[The input Boundary: Start]

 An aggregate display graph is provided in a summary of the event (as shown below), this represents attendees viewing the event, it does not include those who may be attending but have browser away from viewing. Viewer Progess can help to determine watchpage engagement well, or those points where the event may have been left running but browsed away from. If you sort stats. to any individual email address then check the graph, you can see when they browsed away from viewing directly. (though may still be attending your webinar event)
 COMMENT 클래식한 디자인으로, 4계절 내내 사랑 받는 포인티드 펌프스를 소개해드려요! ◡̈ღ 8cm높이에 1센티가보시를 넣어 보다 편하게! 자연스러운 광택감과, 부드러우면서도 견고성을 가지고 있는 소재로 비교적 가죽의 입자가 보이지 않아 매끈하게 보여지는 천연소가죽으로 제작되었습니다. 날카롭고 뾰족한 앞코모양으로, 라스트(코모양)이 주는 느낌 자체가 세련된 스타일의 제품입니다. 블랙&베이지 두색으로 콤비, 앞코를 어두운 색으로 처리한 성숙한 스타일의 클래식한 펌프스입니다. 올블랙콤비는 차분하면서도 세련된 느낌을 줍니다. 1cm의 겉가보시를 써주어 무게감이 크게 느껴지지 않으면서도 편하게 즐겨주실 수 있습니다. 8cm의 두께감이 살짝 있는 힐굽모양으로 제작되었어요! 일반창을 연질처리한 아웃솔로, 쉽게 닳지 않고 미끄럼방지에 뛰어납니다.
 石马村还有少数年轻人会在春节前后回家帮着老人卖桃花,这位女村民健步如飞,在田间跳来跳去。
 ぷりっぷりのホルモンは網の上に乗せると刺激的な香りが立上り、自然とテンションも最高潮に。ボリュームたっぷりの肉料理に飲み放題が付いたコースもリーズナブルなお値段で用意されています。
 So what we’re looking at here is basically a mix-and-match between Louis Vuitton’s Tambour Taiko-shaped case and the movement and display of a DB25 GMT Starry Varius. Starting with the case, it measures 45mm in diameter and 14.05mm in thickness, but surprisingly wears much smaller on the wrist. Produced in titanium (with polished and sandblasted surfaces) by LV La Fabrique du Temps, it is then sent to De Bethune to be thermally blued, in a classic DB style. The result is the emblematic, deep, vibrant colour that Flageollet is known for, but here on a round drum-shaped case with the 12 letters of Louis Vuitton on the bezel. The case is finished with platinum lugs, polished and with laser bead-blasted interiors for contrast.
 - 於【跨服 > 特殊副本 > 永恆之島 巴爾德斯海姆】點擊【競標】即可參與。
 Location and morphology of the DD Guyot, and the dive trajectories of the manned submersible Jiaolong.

[The input Boundary: End]

:: Action item ::
Among the lines above, find those holding "then" and copy each one.

:: Expected answer ::
 An aggregate display graph is provided in a summary of the event (as shown below), this represents attendees viewing the event, it does not include those who may be attending but have browser away from viewing. Viewer Progess can help to determine watchpage engagement well, or those points where the event may have been left running but browsed away from. If you sort stats. to any individual email address then check the graph, you can see when they browsed away from viewing directly. (though may still be attending your webinar event)
 So what we’re looking at here is basically a mix-and-match between Louis Vuitton’s Tambour Taiko-shaped case and the movement and display of a DB25 GMT Starry Varius. Starting with the case, it measures 45mm in diameter and 14.05mm in thickness, but surprisingly wears much smaller on the wrist. Produced in titanium (with polished and sandblasted surfaces) by LV La Fabrique du Temps, it is then sent to De Bethune to be thermally blued, in a classic DB style. The result is the emblematic, deep, vibrant colour that Flageollet is known for, but here on a round drum-shaped case with the 12 letters of Louis Vuitton on the bezel. The case is finished with platinum lugs, polished and with laser bead-blasted interiors for contrast.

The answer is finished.